## TASK ITEM:
Required from the data below: the exact lines starting at the line containing "永诺 35mm f1.8" and ending at the line containing "완전사이다 패키지는 250㎖", with both ends kept and all pictures dropped.

## THE DATA:
- - - -
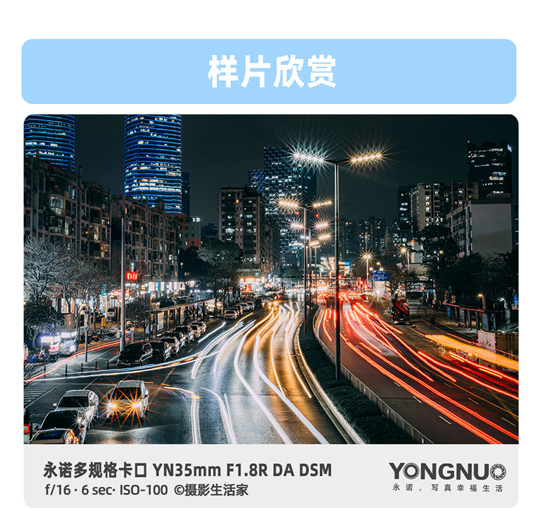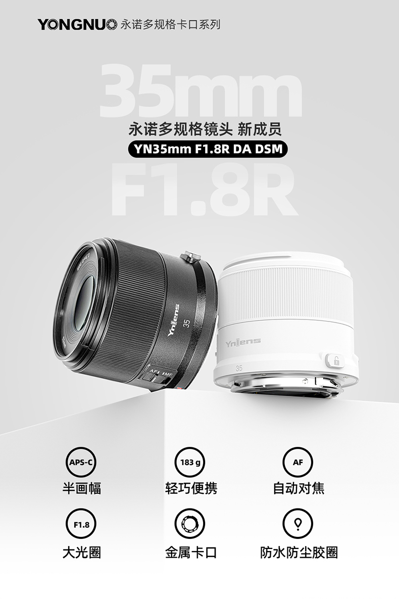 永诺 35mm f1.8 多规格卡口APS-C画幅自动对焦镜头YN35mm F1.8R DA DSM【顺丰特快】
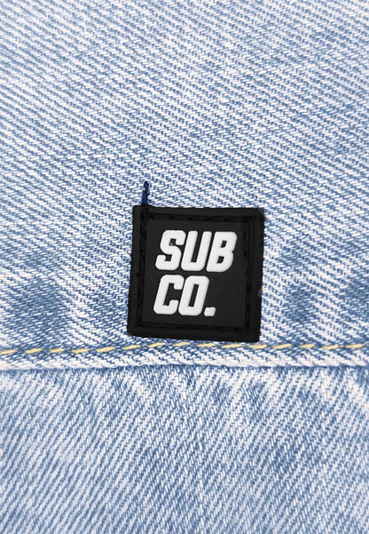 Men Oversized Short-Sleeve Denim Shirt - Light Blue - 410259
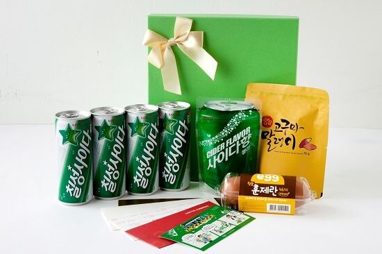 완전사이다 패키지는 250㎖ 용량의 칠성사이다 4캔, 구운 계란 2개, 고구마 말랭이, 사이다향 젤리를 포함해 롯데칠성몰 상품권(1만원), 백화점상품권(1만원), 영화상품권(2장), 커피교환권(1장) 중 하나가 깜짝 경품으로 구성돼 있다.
- - - -
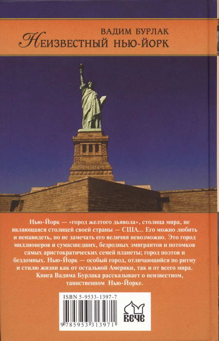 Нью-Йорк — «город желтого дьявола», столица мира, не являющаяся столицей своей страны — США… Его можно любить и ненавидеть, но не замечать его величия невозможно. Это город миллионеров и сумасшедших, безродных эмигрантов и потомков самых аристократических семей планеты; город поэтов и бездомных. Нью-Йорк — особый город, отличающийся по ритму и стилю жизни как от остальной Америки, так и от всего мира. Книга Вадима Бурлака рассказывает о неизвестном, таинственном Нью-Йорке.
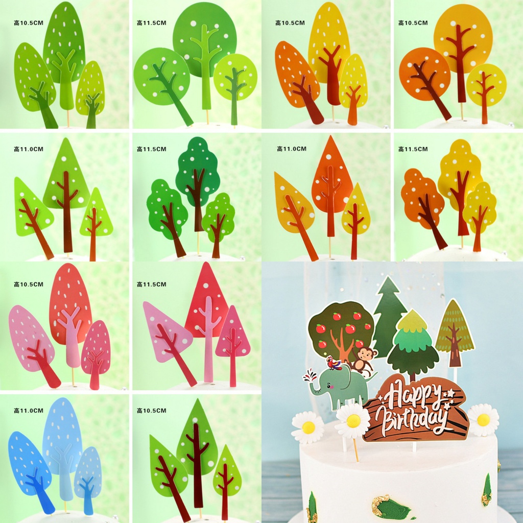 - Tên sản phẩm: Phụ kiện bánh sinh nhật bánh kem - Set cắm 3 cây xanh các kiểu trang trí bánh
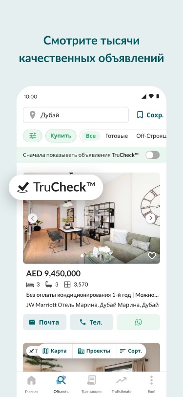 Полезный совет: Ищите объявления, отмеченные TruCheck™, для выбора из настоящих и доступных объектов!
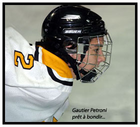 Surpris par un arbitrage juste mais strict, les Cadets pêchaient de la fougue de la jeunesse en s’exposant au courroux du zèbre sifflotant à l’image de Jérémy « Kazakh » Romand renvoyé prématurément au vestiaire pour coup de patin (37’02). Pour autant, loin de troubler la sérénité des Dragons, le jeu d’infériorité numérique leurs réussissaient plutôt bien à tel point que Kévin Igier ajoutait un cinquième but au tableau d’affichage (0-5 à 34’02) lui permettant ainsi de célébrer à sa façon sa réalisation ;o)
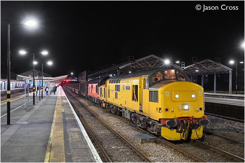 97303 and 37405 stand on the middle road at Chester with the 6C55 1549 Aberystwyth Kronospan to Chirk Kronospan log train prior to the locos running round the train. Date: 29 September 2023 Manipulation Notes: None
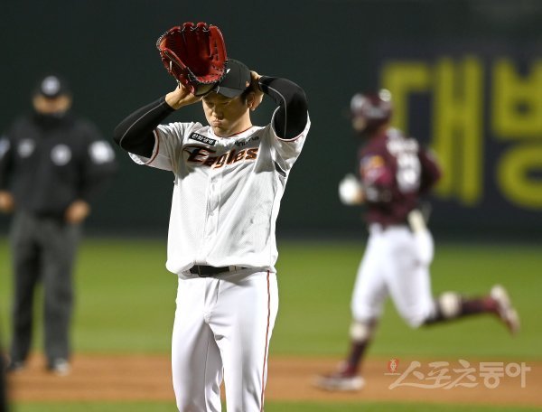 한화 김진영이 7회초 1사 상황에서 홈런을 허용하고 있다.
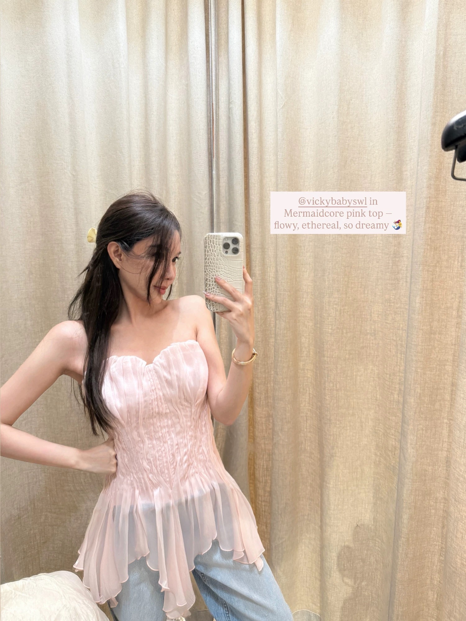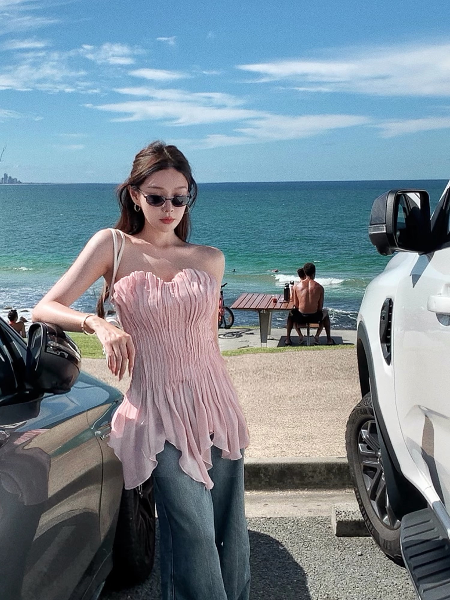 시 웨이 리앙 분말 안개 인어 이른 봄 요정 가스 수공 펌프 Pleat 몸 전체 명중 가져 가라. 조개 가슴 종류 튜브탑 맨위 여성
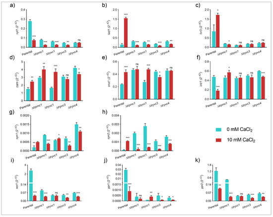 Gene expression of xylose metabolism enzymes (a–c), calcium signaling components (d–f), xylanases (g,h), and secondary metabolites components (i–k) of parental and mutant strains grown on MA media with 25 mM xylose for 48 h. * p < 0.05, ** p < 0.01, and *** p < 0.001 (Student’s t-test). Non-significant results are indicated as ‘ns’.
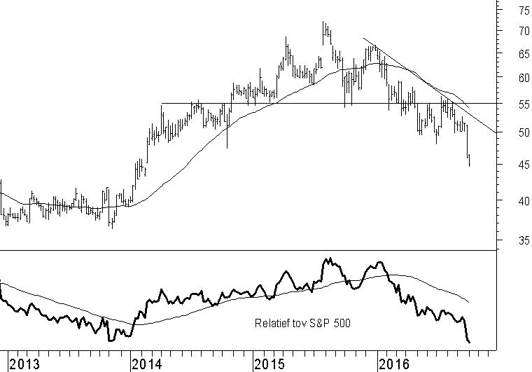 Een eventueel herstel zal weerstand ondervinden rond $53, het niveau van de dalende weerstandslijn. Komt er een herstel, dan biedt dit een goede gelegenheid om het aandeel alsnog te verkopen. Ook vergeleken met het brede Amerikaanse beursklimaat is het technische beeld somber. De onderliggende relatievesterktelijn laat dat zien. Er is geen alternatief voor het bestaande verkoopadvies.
- - - -
## SOLUTION FOR THIS EXERCISE:
 永诺 35mm f1.8 多规格卡口APS-C画幅自动对焦镜头YN35mm F1.8R DA DSM【顺丰特快】
 Men Oversized Short-Sleeve Denim Shirt - Light Blue - 410259
 완전사이다 패키지는 250㎖ 용량의 칠성사이다 4캔, 구운 계란 2개, 고구마 말랭이, 사이다향 젤리를 포함해 롯데칠성몰 상품권(1만원), 백화점상품권(1만원), 영화상품권(2장), 커피교환권(1장) 중 하나가 깜짝 경품으로 구성돼 있다.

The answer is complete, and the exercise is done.